The renewed scrutiny of the Lochner ruling also brings to light the miserable conditions that prevailed in bakeries during the early 20th century. Harlan’s dissenting opinion warned that the intense heat inside bakeries “induces the workers to resort to cooling drinks” – and that those intoxicating refreshments were the “source of a number of diseases of various organs.”

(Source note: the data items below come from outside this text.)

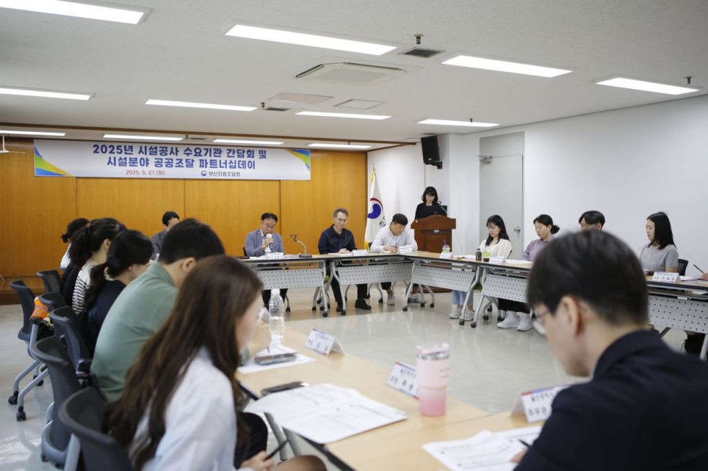이날 간담회에는 부산시교육청, 부산교통공사, 울산 울주군 등 시설공사 계약 실적 상위 11개 기관의 담당자 25명이 참석했다.
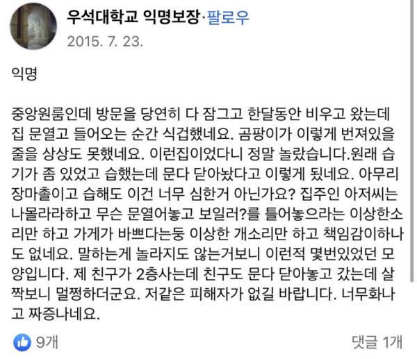 해당 사진은 2015년 7월 전북 우석대 학생 A씨가 페이스북에 올린 것이다. A씨는 “방문을 다 잠그고 한 달 동안 집을 비웠는데, 집 문 열고 들어오는 순간 식겁했다. 곰팡이가 이렇게 번져있을 줄 상상도 못했다”라며 “아무리 장마철이라고 해도 이건 너무 심한 것 아니냐, 집주인 아저씨는 나몰라라 하면서 문 열고 보일러 틀어놓으라는 둥 X소리만 한다”고 적었다. 이어 그는 “친구는 (같은 원룸 건물) 2층 사는데 살짝 보니 멀쩡해보였다”고도 했다.
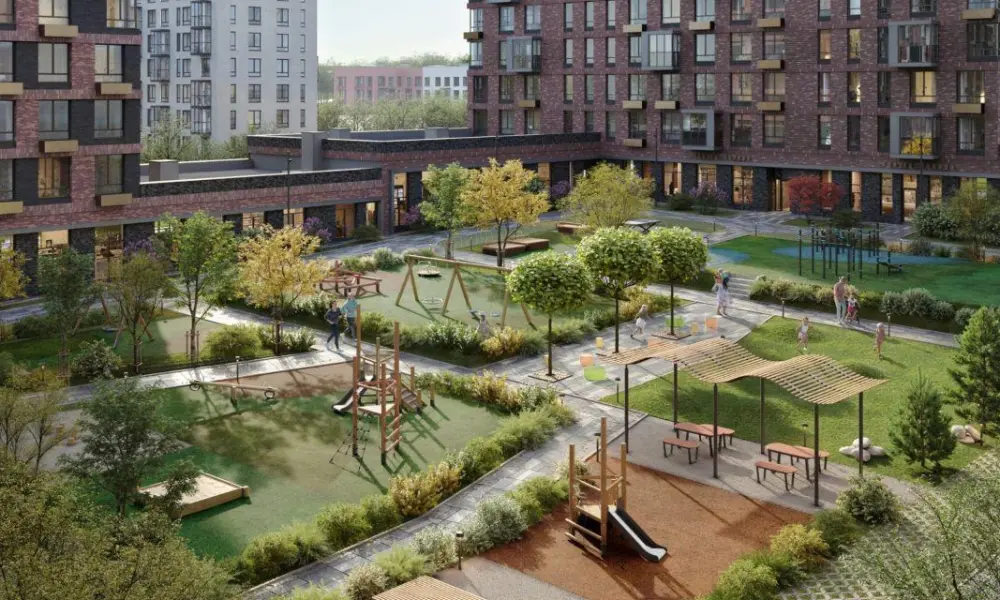 Зеленые дворы будут закрыты от машин. Они станут местом для отдыха на свежем воздухе, общения и детских игр. Жители смогут заниматься йогой на траве, играть в настольный теннис. Проект предполагает полностью безбарьерную среду: вход в подъезд расположен на уровне земли. Жителям не придется поднимать коляску или велосипед.
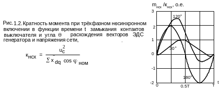 Эта величина меньше, чем максимальный ток несинхронного включения (1.4), и соответствует току несинхронного включения с углом сдвига векторов » 30 эл.град.
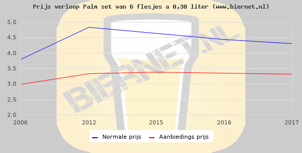 De gemiddelde prijs van een set van 6 flesjes á 0,30 liter van Palm Spéciale is niet bekend. De gemiddelde prijs van Palm Spéciale in de winkel is niet bekend.
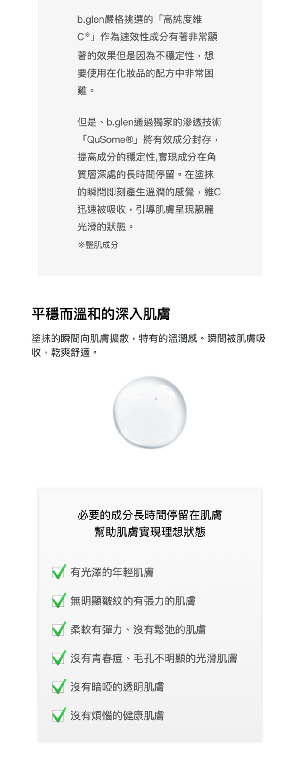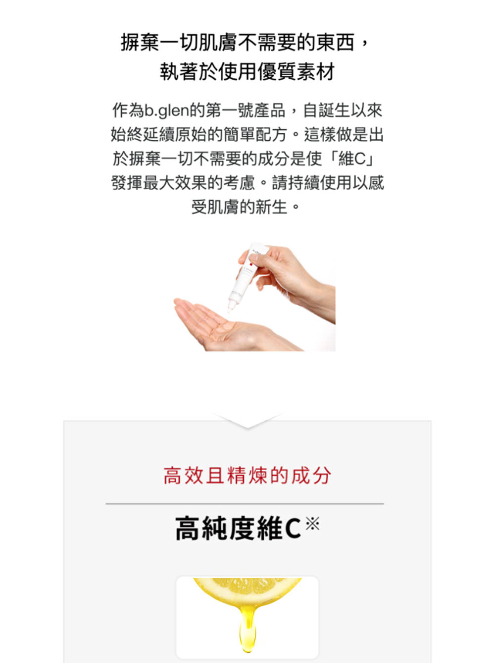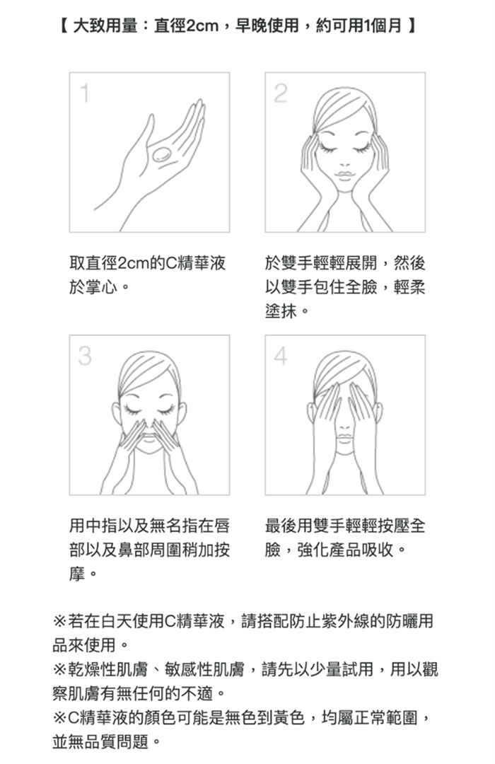 維他命C是可對肌膚的不足做出迅速反應並及時應對肌膚問題的美容成分。在敷抹的一瞬間,即刻產生一種溫潤的感覺,這是由於超微膠囊化維生素C迅速被吸收,滲入肌膚深處的角質細胞層的緣故。維他命C精華可平衡皮脂分泌,修護肌膚成分,讓肌膚平滑晶瑩有彈力。有效解決皺紋、下垂、青春痘、痘印、毛孔、色斑和暗啞等肌膚問題。
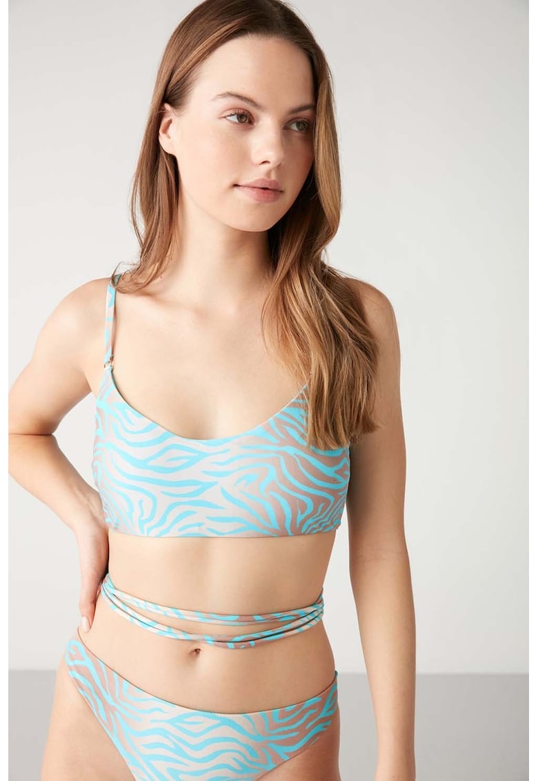 Detalii generale Tip produs: bustiera Culoare: turcoaz Imprimeu: animal print Forma cupa: bralette Material: sintetic Sistem inchidere: fara inchidere Design Tip sutien: cu burete Sustinere metalica: fara sarma Stil decolteu: amplu Stil spate: u Compozitie Exterior: 80% poliamida
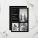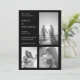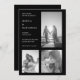 Un collage photo moderne sauvez la carte de date avec une mise en page simple et minimaliste avec trois photos et les détails de votre mariage en texte blanc aligné gauche sur un arrière - plan noir. Ces élégantes dattes sont un ajout élégant à un mariage tendance.
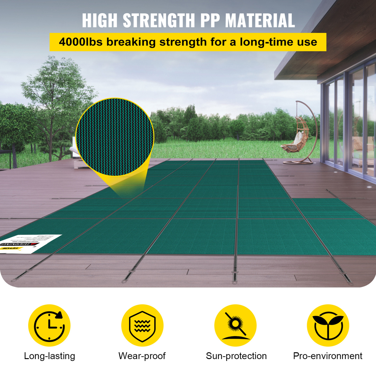 High Strength PP Material: This in-ground pool cover is made of soft and tough polypropylene, making it resistant to aging and abrasion-proof. Double-strapped and triple-stitched, our solid swimming pool cover can serve you for a long time.
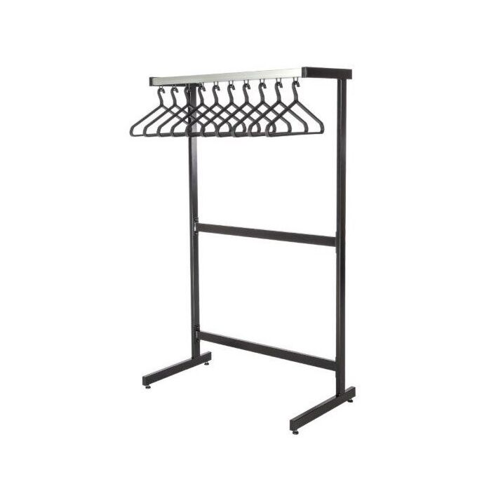 Enkelzijdig vrijstaand garderoberek met een hoogte van 1700 mm. De staanders zijn van rechthoekig stalen buizen, afm. 50x25x2 mm. en geëpoxeerd in RAL 9011-zwart of een andere standaard RAL kleur. De garderobe heeft 10 sterke zwarte kunststof ooghaken en kleerhangers per meter en een blank geanodiseerd aluminium hoedenrooster. Het geheel staat op verstelbare pootjes.
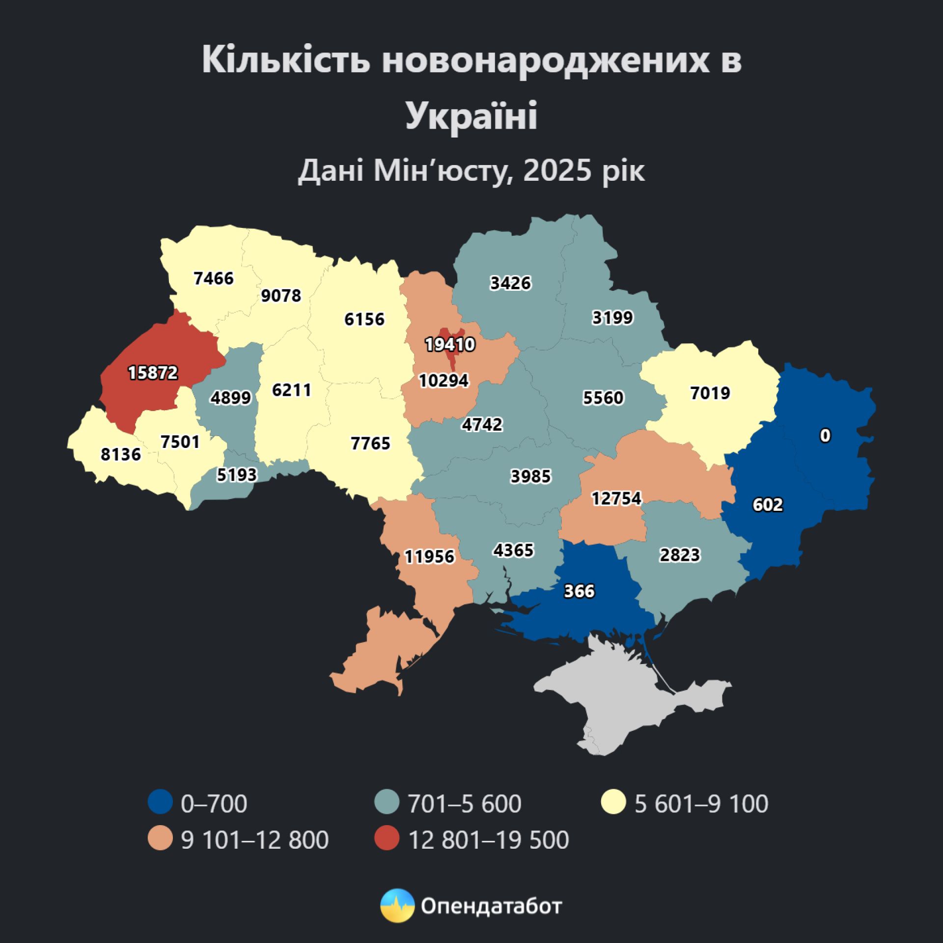 Цікаво, що деякі регіони навіть під час війни демонструють ріст. Львівщина додала 1,5% до кількості новонароджених, а Волинь — 0,6%.

In accordance with regulations of the Occupational Safety and Health Administration, Mr. Comess prohibits his workers from imbibing alcohol on the job – and refrigerated water fountains have replaced the “cooling drinks” of yesteryear on the floors of bakeries. Occasionally, Mr. Comess will wheel a cart of “frio-frio,” or flavored ice, across the bakery floor to give his workers a respite from the intense heat – an employee perquisite that would have been rare at the time of Harlan’s dissent.
Although bakers today are living longer – and more sober – lives, Mr. Comess said: “To be perfectly honest, the industry hasn’t evolved that much since then.”
Bakers at the first step of the assembly line, the mixing stage, now enjoy air-conditioned environs, but Mr. Comess said it takes three to five years to rise through the ranks to the position of “mixer.”
While it may be the coolest post on the assembly line, the mixing stage can also be the most dangerous.
“The biggest threat of injury currently to bakers is with fermentation tanks,” Mr. Comess said. He noted that the fermentation process “produces a lot of alcohol and carbon dioxide … and this can create completely oxygen-free zones.”
“If there are volatile vapors, and if you inhale them, you can pass out and fall into the tank – and you can suffocate in three minutes,” Mr. Comess said. In January, a worker at a South Jersey bakery died when he fell into a 500-gallon stainless-steel vat.
The aperture atop the fermentation tanks at Tom Cat is small enough to shield against such a catastrophe, Mr. Comess said. He said the most serious injury at his factory came almost 10 years ago, when a worker’s arm got caught in a mechanical mixer.
“You need to stop the mixer to feel the dough, and some people are just too lazy to turn off the machine,” Mr. Comess said.
The worker escaped with a sprained arm – but he didn’t bleed, so the batch of bread was not sullied, Mr. Comess recalled.
Most of the heavy lifting falls to workers in the so-called “make-up” section, in which vast quantities of fermenting dough are cut into loaf-sized portions. But the toughest job may be in the oven room, where temperatures can hit 115 degrees Fahrenheit.
“When you open the oven and take the bread out, you’ve got 400 pounds of hot mass coming at you,” Mr. Comess said.
Once that “hot mass” cools, it is shipped off to one of the restaurants, the hotels, or the three-dozen retail stores – including Balducci’s and Dean & DeLuca – that buy Tom Cat’s 35 varieties of bread in bulk.
The bakery’s annual sales total about $20 million, Mr. Comess said. Despite Tom Cat’s impressive cash flow, however, when asked if he would counsel a young man half his age to enter the baking business, Mr. Comess said: “I’d recommend against it.”
The pay is thin. At the entry level, Mr. Comess’s employees work eight-hour shifts and earn $8.25 an hour, while his highest-paid factory workers earn about twice that wage.
And when Mr. Comess launched Tom Cat in 1987, with two employees in a 1,300-square-foot kitchen, he followed a regimen more suitable for an owl than a human. He worked from about 3 p.m. to 8 a.m.
Now, as Tom Cat’s 40,000-square-foot factory churns out tens of thousands of loaves a day, the bakery’s ovens run around-the-clock.
“It puts the ‘overnight’ into overnight success,” Mr. Comess said.